MySQL Shell Dump/Load

  • Data was dumped in chunks of ~256 MB

Dump:

Load:

Datasets

Each dataset is available for download.

Ontime

Airline On-Time Statistics, from 1987 until April 2020.

  • Available on transtats.bts.gov
  • One single MySQL table, a single primary key, no secondary keys
  • Uncompressed TSV  size: 64 GB
  • 194,699,018 rows

Stackoverflow.com

stackoverflow.com data

  • Available on archive.org
  • Uncompressed TSV size: 216 GB
  • 502,676,396 rows

EN Wikipedia

EN Wikipedia backup, from 20200620

  • Downloaded enwiki backup
  • uncompressed TSV size: 130 GB
  • 1,673,892,597 rows
  • frequent use of binary datatype

All

All above datasets combined

  • Dataset did not fit in memory
  • uncompressed TSV Size: 410 GB
  • 2,371,268,011 rows

Benchmark Results

Time to show some results…

Dump

  • as expected, both mysqldump and mysqlpump lack or are limited in parallelizing the dump process.
  • for mysqlpump, there are just not enough large tables in all datasets to be able to improve dump throughput.
  • using mydumper and MySQL Shell is a big difference compared to the others
  • MySQL Shell is the fastest in all but 1 case, sometimes much faster (stackoverflow)
    • one possible reason that mydumper is mostly slower is that it uses zlib compression which is much slower than zstd
    • mydumper was faster in dumping wikipedia than MySQL Shell, which might be because the wikipedia dataset contains many binary columns which MySQL Shell converts to base64 format; mydumper does not.
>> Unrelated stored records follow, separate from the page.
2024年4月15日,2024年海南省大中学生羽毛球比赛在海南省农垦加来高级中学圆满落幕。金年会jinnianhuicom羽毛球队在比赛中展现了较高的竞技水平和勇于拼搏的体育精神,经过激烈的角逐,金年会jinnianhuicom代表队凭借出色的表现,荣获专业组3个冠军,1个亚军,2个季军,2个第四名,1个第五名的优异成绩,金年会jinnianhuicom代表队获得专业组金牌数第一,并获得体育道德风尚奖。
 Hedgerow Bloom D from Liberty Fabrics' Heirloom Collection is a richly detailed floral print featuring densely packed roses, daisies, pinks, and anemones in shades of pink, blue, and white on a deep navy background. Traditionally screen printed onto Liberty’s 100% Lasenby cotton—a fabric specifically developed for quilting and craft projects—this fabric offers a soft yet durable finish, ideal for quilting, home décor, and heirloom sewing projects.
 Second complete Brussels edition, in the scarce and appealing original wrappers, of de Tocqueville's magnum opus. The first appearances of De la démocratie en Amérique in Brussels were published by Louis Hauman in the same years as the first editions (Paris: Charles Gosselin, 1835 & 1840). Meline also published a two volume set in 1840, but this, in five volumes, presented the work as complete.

MySQL Shell 8.0.22 will contain further improvements.

Load

Next to disabling the InnoDB redo log, MySQL Server 8.0.21 includes improvements to the lock manager which benefit the write scalability of InnoDB by replacing the lock system mutex (lock_sys->mutex). This improves write performance, especially in environments with distant NUMA nodes (e.g. AMD Epyc Naples).
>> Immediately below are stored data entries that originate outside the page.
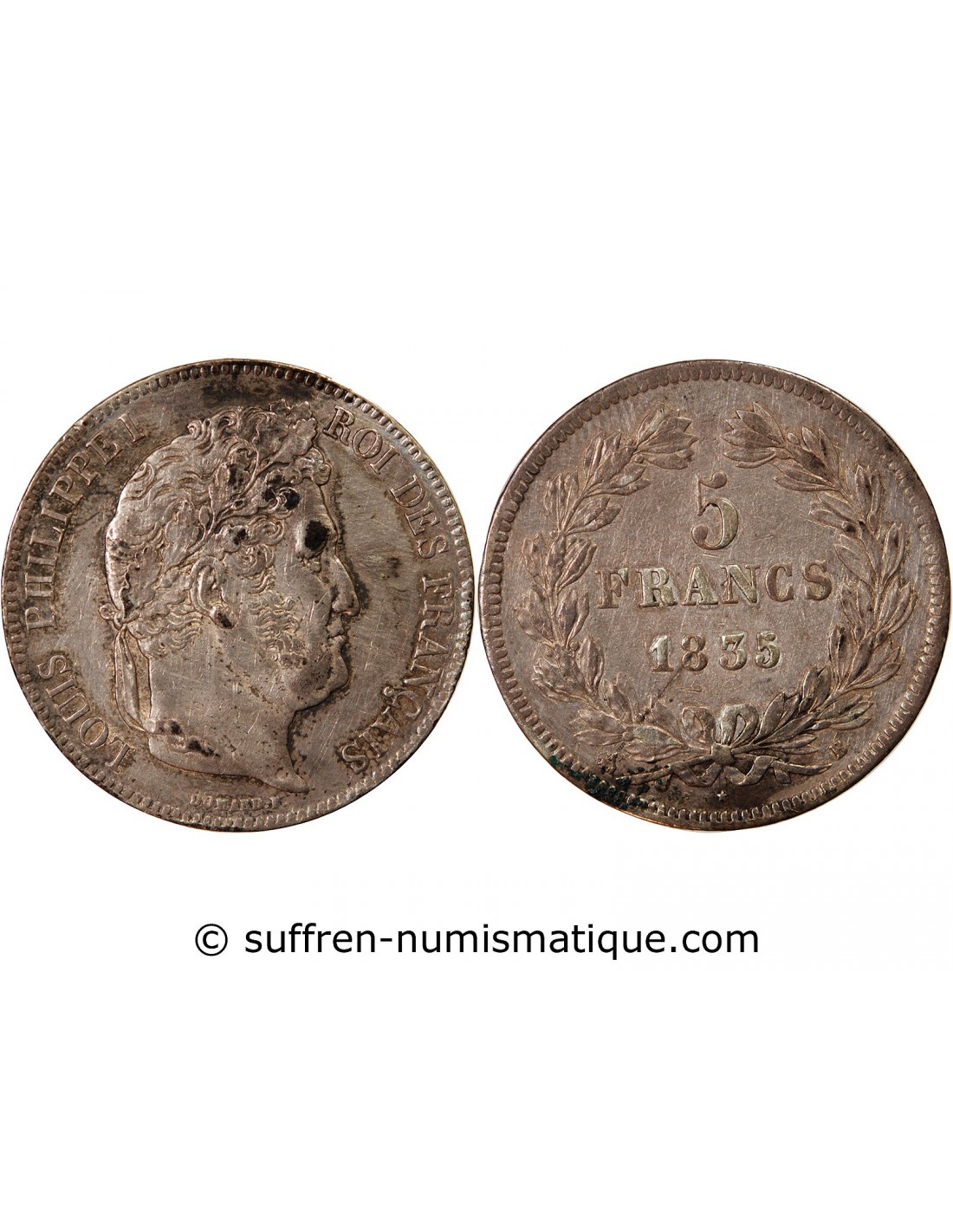 LOUIS PHILIPPE - 5 FRANCS ARGENT 1835 B ROUEN "Type Domard, Tr relief"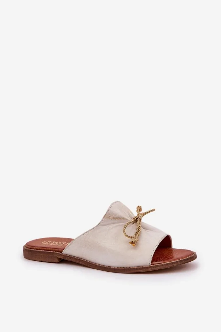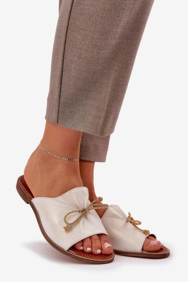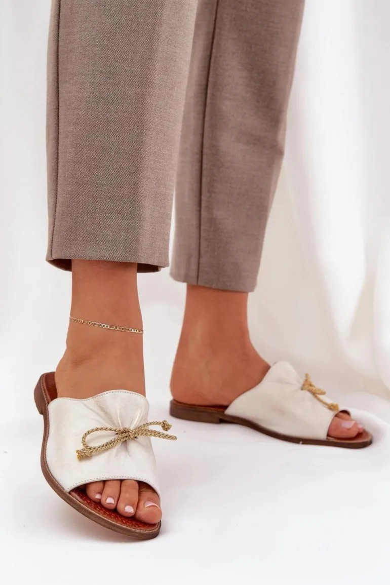 Eleganckie klapki z naturalnej skóry to subtelna propozycja, która łączy wygodę z elegancją. Osadzone na płaskim obcasie, zapewniają komfort przez cały dzień. Delikatne marszczenie na cholewce oraz urocza kokardka dodają im kobiecego uroku. Te klapki będą doskonałym wyborem na letnie dni, idealnie komponując się z lekkimi sukienkami czy casualowymi stylizacjami. Przy wyborze rozmiaru prosimy sugerować się tabelą rozmiarów.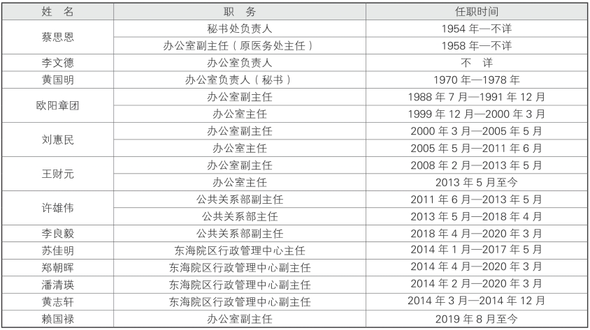 本节所载负责人包括秘书处、公共关系部、东海院区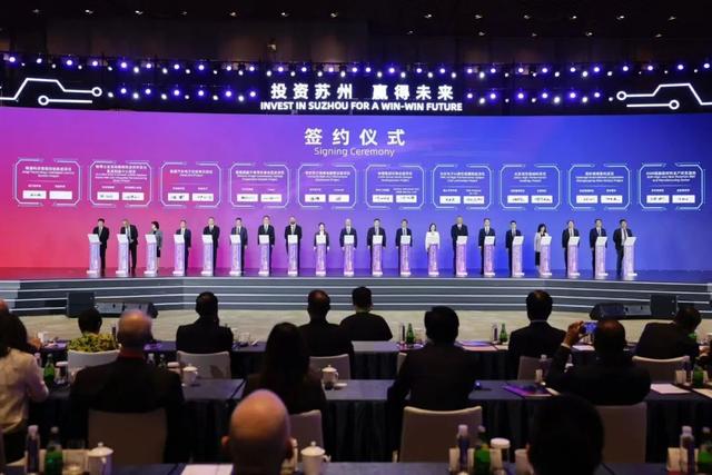 大会当天,昆山签约项目55个,计划投资总额441.8亿元,覆盖新一代信息技术、高端装备、新能源、新材料、生物医药及大健康、旅游服务、贸易服务等方面。其中,昆山全球光电未来新型显示创新中心、鑫泰利智能机器人、台光电子AI高性能覆铜板等5个项目上台签约。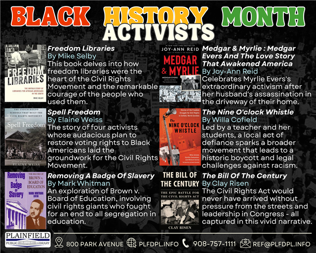 Black History Month is a time to honor the achievements, resilience, and contributions of Black Americans throughout history that are too often overlooked or erased. Libraries play a vital role in preserving these histories, offering access to books that educate, challenge, and inspire readers of all ages. Reading and learning during this month allows us to deepen our understanding of the past, recognize the roots of present-day experiences, and imagine a better future for all of us.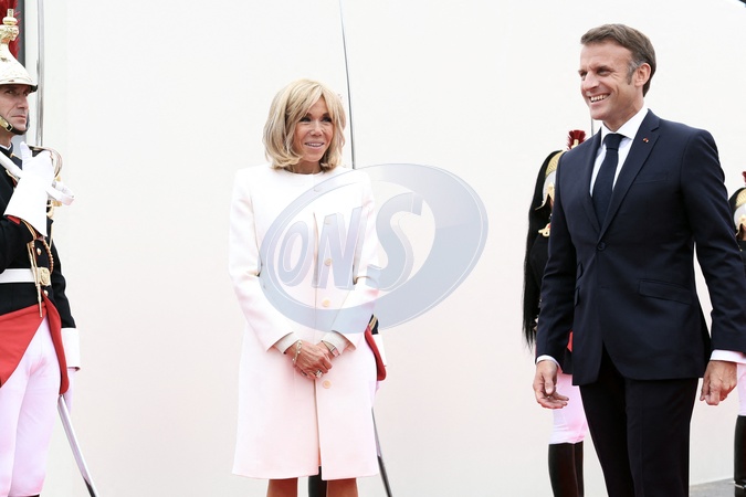 Le président Emmanuel Macron et sa femme Brigitte Macron accueillent les invités de la cérémonie internationale d'Omaha Beach dans le cadre de la commémoration du 80ème anniversaire du débarquement en Normandie (D-Day)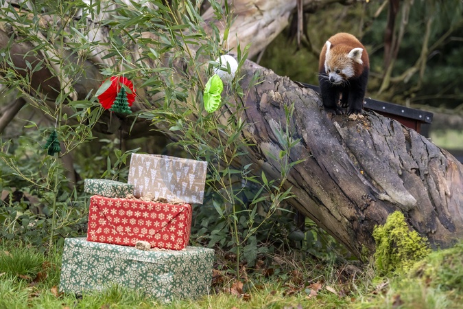 Animals receive Christmas gifts at Whipsnade ZooRuby the red panda marvels at her food-filled Christmas presents.Picture date: Thursday December 11, 2025., Credit:Anthony Devlin / Avalon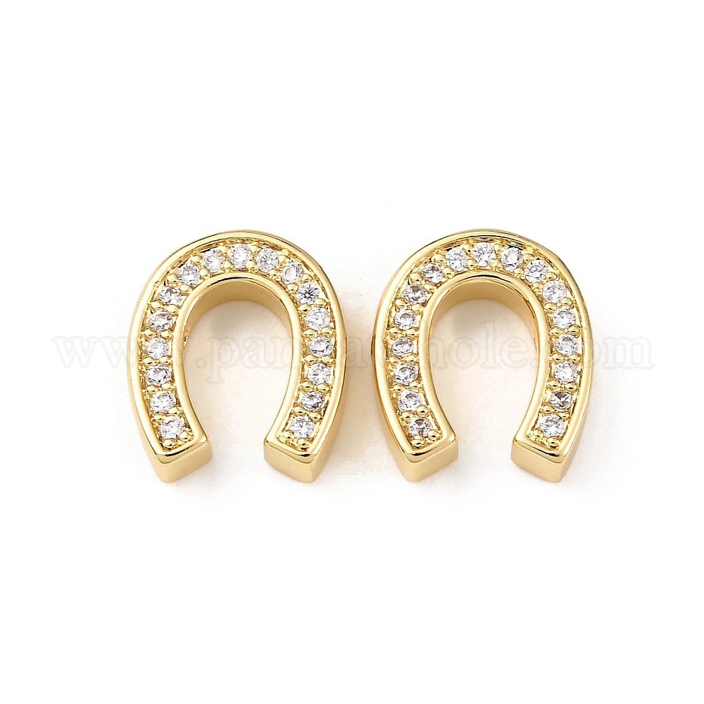 Латунные микро проложить кубического циркония бусы, Подковы, стойки покрытие, долговечный, без свинца и без кадмия

Warning: disabling the InnoDB redo log is intended only for loading data into a new MySQL instance. Do not disable redo logging on a production system, an unexpected server stoppage while redo logging is disabled can/will cause data loss and instance corruption.

  • both mysqldump and mysqlpump generate a single .sql file so loading data is single threaded, thus they are much slower
  • MySQL Shell is faster than myloader in all cases, and this is due to its scheduling algorithm which is explained in part 3 of this blog post series.
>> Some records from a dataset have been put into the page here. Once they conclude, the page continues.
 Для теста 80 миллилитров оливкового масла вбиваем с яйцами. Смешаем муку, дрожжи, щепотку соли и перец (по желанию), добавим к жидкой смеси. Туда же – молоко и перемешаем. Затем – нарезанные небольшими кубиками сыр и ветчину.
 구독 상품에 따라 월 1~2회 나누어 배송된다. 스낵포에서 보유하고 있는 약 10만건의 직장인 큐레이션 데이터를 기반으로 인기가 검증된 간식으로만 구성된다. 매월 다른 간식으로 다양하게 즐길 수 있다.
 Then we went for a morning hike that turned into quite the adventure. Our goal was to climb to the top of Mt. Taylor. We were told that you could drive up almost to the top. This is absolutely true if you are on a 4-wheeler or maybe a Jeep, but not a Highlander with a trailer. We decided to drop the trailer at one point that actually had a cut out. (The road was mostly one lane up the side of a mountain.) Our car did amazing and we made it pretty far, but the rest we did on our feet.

Secondary indexes impact write throughput

The more secondary indexes present, the slower the write throughput is expected to be, which is the case with the stackoverflow and wikipedia datasets.

MySQL Shell has the ability to create secondary indexes after the data is loaded (with the deferTableIndexes option), but adding indexes after the fact makes the whole process slower in all these datasets, so it is often not the best choice. mysqlpump does this by default, but the performance gain is negligible compared to the results we get with myloader and MySQL Shell.

Partitioning can help with large tables

So why is loading the ontime table slower than the other datasets?

The reason is that the ontime dataset consists of a single table. The bottleneck is in InnoDB on a per table level (index locking & page locks). When we partition the ontime table, in this case by 128 KEY() partitions, the write throughput increases significantly, especially when using MySQL Shell:

As MySQL Shell tracks progress of the load, it is possible to add partitions by first loading only the DDL, make the changes, and then loading the rest of the dump:

MySQL Shell Dump & Load: Fast!

As shown in these benchmarks, MySQL Shell is able to dump data fast, up to almost 3GB/s and load data at speeds above 200MB/s (when the InnoDB redo log is disabled). The next blog posts will cover how Shell achieves this dump and load performance.